Task goal:
Set down, please, the line that contains "Переносная плетеная Сумка" and every line that follows it to the end of the records, exactly; do not include pictures.

Items from a data source:
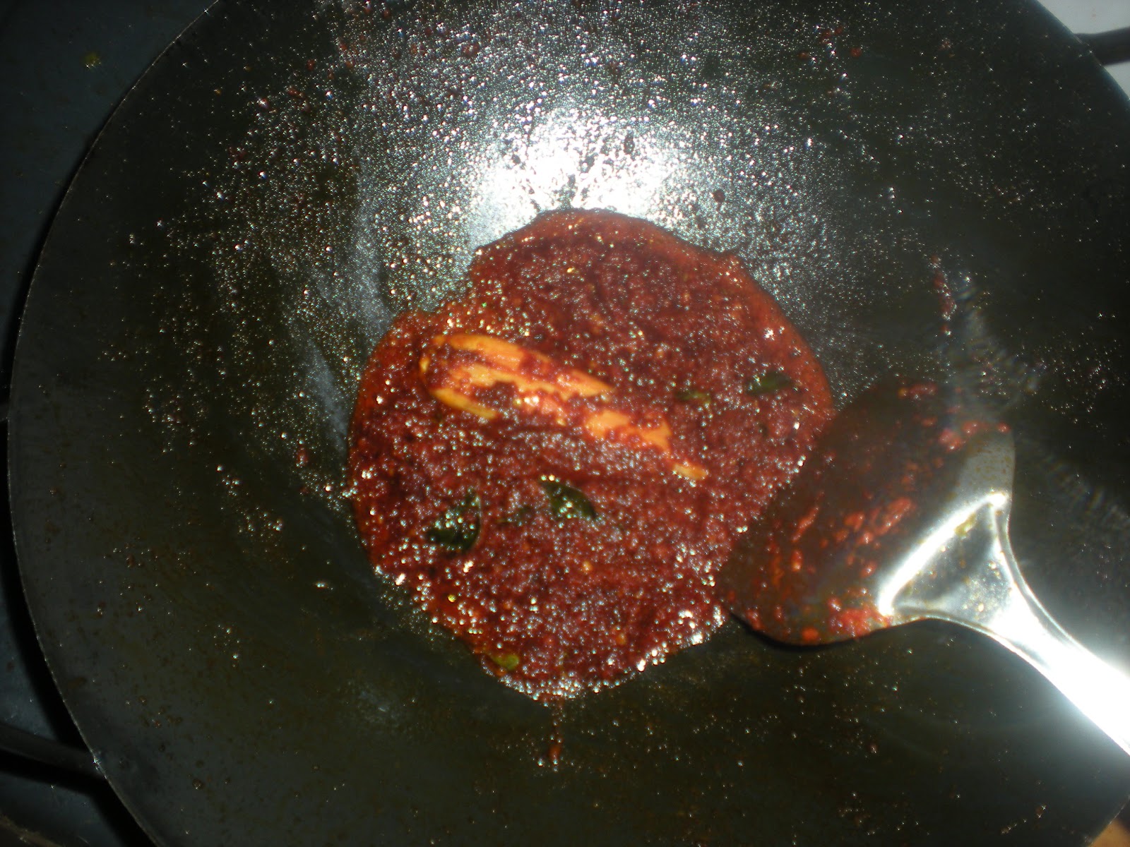 Tumis bahan kisar tadi sampai garing.Campak dari jauh daun kari ngan serai tadi.Da garing tu masukkan air asam jawa, garam, perasa aku guna gula sesudu je.Biarkan mendidih baru masukkan ikan tu sebab takut hancurkan.Masukkan gak bendi skali.Biarkan mendidih sampai ikan masak.Bole la dihidangkan...
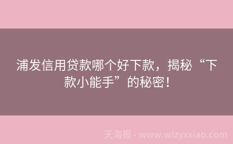 浦发信用贷款哪个好下款,揭秘“下款小能手”的秘密! 浦发信用贷款大揭秘:哪款才是你的“下款小能手”? 在金融江湖里,信用贷款就像那把能打开宝藏大门的钥匙,而浦发银行,作为江湖中的“老字号”,自然有不少让人心动的信用贷款产品。但面对琳琅满目的选择,你是不是也犯了选择困难症?别急,今天咱们就来聊聊浦发信用贷款哪个好下款,还有那些你可能不知道的小秘密哦! ...
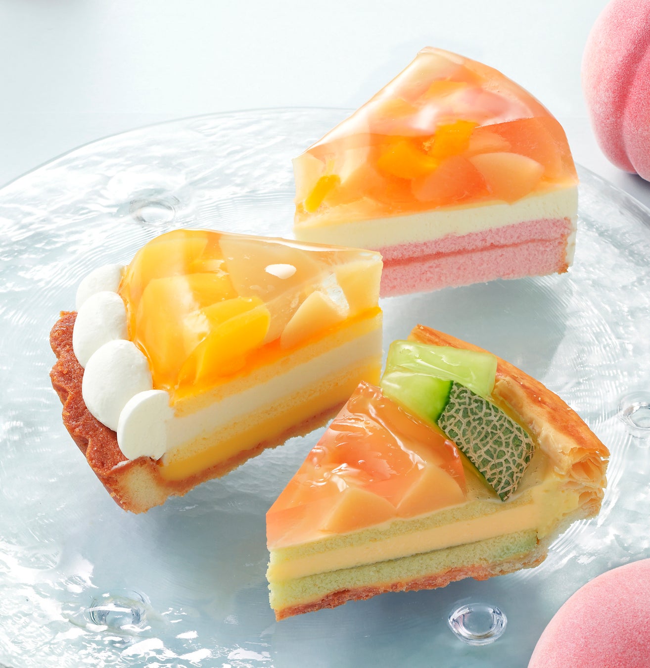 とろける食感、やさしい香りで人気のフルーツ「桃」の季節がやってきました。今年は白桃と黄桃、マンゴー、メロンをそれぞれ組み合わせた3種類のケーキが登場します。
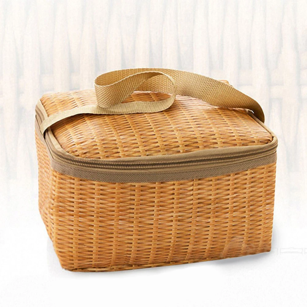 Переносная плетеная Сумка из ротанга для кемпинга и пикника, водонепроницаемая посуда, пищевой контейнер, корзины, изолированный термоохладитель
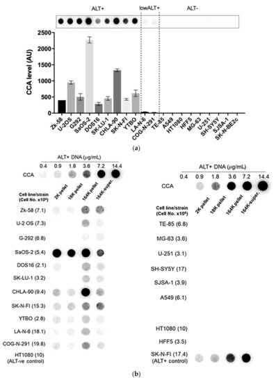 - Lau, L.M.; Dagg, R.A.; Henson, J.D.; Au, A.Y.; Royds, J.A.; Reddel, R.R. Detection of alternative lengthening of telomeres by telomere quantitative PCR. Nucleic Acids Res. 2013, 41, e34. [Google Scholar] [CrossRef] [PubMed]

Finished exercise:
 Переносная плетеная Сумка из ротанга для кемпинга и пикника, водонепроницаемая посуда, пищевой контейнер, корзины, изолированный термоохладитель
 - Lau, L.M.; Dagg, R.A.; Henson, J.D.; Au, A.Y.; Royds, J.A.; Reddel, R.R. Detection of alternative lengthening of telomeres by telomere quantitative PCR. Nucleic Acids Res. 2013, 41, e34. [Google Scholar] [CrossRef] [PubMed]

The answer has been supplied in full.